Unlucky drivers who break down on thousands miles of roads in the UK cannot call for help because there is no mobile phone signal, an independent motoring charity has warned.
A study by the RAC Foundation found that about two per cent of the country’s entire road network (4,561 miles) does not receive any 2G coverage, which is the minimum required to make a call or send a text.
These are areas where “you would not want to break down or have an accident because calling the RAC, the emergency services or even home wouldn't be an option,” said charity director Steve Gooding. “Even where there is partial network coverage it might not be from your network provider.”
As is the case on a further 28,975 miles of the country’s roads, which only have partial 2G coverage, meaning that some not all phones will receive a signal.
Luckily, if a mobile phone user is in a location where their mobile phone network provides no coverage but another network does then an emergency call can be made.
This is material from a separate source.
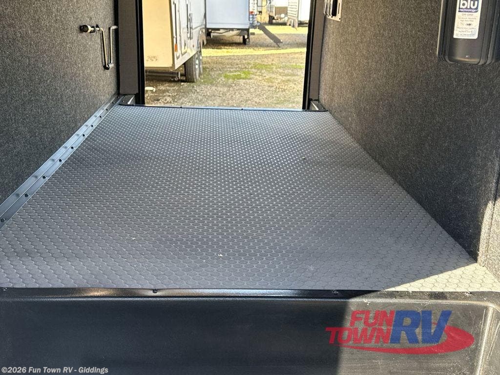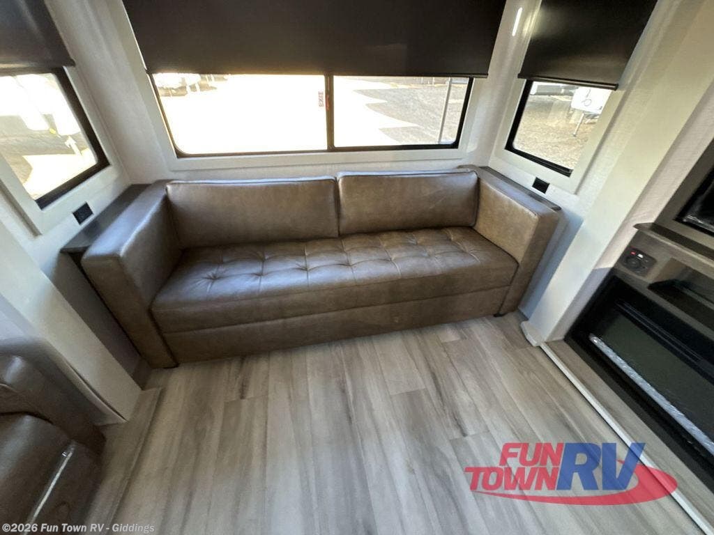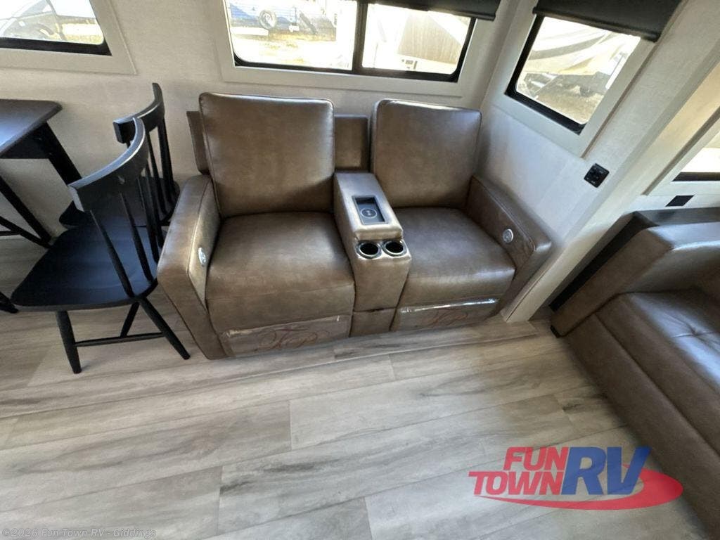Make each camping trip complete with this fifth wheel in tow! The chef of your group will love making meals each day in the fully equipped kitchen that includes a kitchen island, a hutch, plus a pantry for food storage. The booth dinette will provide a place to dine each day, and the theater seating is right across from the TV with storage behind and a fireplace for easy viewing. And if you're not needing additional sleeping space you can switch out the booth dinette for the optional free-standing dinette! If you have guests, they can sleep on the rear XL sofa sleeper each night that extends to king-size, while you take the front private bedroom. Here, you'll find a queen bed, a wardrobe slide out, plus dual nightstands for your things.

However, this is not possible if there is no network coverage available from any of the main network providers.
Figures from the study suggest that large areas of Scotland and Wales are of particular concern, with the Highlands (452 miles) Powys (437 miles) and Argyll and Bute the local authority areas with the most miles of road lacking any mobile signal.
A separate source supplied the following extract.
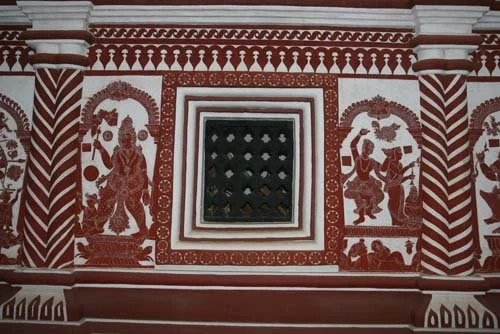 The red colour carries several associations. It connects to the earth, to laterite stone, and to ritual symbolism where red often represents fertility, strength, and protection. In temple architecture the colour also visually anchors the building to its landscape.

Motorists who rely on their smartphones to access the internet for route planning and to check for congestion could also get into difficulty – as 14,554 miles of the country’s roads (around six per cent) suffer from a complete absence of 3G coverage, and a further 111,679 miles receive only partial coverage
“The concepts of connected cars and drivers is at the heart of much thinking about how we might make our travelling lives easier,” said Gooding, “but the best ideas in the world will fall at the first hurdle if there are no bars on the phone.”